[Dataset items]
[Start of Attachment]
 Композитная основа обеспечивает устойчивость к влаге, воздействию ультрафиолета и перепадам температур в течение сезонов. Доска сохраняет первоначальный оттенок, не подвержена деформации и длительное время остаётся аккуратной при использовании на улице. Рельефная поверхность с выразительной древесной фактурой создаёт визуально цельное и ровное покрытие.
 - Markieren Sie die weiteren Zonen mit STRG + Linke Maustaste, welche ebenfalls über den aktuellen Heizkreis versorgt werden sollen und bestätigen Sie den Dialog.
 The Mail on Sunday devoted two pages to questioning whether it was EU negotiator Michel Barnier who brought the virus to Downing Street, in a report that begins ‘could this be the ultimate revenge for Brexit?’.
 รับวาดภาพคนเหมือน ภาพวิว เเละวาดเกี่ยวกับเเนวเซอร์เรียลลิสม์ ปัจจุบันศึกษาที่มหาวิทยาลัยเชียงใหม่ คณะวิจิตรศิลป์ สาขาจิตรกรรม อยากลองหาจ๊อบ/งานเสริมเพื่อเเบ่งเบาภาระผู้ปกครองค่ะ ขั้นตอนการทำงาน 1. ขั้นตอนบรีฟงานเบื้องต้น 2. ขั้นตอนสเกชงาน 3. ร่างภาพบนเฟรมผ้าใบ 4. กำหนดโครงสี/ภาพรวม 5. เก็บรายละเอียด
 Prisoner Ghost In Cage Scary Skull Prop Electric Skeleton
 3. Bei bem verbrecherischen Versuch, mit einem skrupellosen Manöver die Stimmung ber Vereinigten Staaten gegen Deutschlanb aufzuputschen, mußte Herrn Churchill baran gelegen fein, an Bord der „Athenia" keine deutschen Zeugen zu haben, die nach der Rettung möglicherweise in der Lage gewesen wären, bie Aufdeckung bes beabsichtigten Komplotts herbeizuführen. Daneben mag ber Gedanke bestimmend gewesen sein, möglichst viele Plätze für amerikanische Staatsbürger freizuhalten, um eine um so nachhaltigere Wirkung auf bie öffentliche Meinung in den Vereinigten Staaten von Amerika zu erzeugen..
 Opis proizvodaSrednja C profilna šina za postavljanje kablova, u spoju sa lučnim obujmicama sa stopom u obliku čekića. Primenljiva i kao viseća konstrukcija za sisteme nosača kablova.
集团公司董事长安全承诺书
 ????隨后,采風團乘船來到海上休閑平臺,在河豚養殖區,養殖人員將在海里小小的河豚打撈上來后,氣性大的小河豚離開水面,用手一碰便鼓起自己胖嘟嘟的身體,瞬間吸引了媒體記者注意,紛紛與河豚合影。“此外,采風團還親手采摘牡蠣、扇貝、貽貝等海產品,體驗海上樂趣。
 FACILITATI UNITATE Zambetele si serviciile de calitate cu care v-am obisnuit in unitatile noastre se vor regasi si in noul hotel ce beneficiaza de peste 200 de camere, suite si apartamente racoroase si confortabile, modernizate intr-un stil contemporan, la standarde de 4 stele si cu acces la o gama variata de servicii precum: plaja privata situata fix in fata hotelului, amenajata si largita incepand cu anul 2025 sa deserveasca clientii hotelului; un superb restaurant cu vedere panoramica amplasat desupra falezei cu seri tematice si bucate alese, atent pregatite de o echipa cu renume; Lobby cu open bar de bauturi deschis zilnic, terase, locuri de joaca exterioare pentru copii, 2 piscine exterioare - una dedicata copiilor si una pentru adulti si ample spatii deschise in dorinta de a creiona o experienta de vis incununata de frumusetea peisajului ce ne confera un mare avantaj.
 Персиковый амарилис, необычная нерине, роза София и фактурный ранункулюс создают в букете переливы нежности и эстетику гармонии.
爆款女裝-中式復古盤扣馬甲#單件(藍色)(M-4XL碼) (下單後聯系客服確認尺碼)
[End of Attachment]
Once the line that contains "集团公司董事长安全承诺书" is found, please give it again exactly, along with each line that comes after it, through the last line of the entries.

集团公司董事长安全承诺书
 ????隨后,采風團乘船來到海上休閑平臺,在河豚養殖區,養殖人員將在海里小小的河豚打撈上來后,氣性大的小河豚離開水面,用手一碰便鼓起自己胖嘟嘟的身體,瞬間吸引了媒體記者注意,紛紛與河豚合影。“此外,采風團還親手采摘牡蠣、扇貝、貽貝等海產品,體驗海上樂趣。
 FACILITATI UNITATE Zambetele si serviciile de calitate cu care v-am obisnuit in unitatile noastre se vor regasi si in noul hotel ce beneficiaza de peste 200 de camere, suite si apartamente racoroase si confortabile, modernizate intr-un stil contemporan, la standarde de 4 stele si cu acces la o gama variata de servicii precum: plaja privata situata fix in fata hotelului, amenajata si largita incepand cu anul 2025 sa deserveasca clientii hotelului; un superb restaurant cu vedere panoramica amplasat desupra falezei cu seri tematice si bucate alese, atent pregatite de o echipa cu renume; Lobby cu open bar de bauturi deschis zilnic, terase, locuri de joaca exterioare pentru copii, 2 piscine exterioare - una dedicata copiilor si una pentru adulti si ample spatii deschise in dorinta de a creiona o experienta de vis incununata de frumusetea peisajului ce ne confera un mare avantaj.
 Персиковый амарилис, необычная нерине, роза София и фактурный ранункулюс создают в букете переливы нежности и эстетику гармонии.
爆款女裝-中式復古盤扣馬甲#單件(藍色)(M-4XL碼) (下單後聯系客服確認尺碼)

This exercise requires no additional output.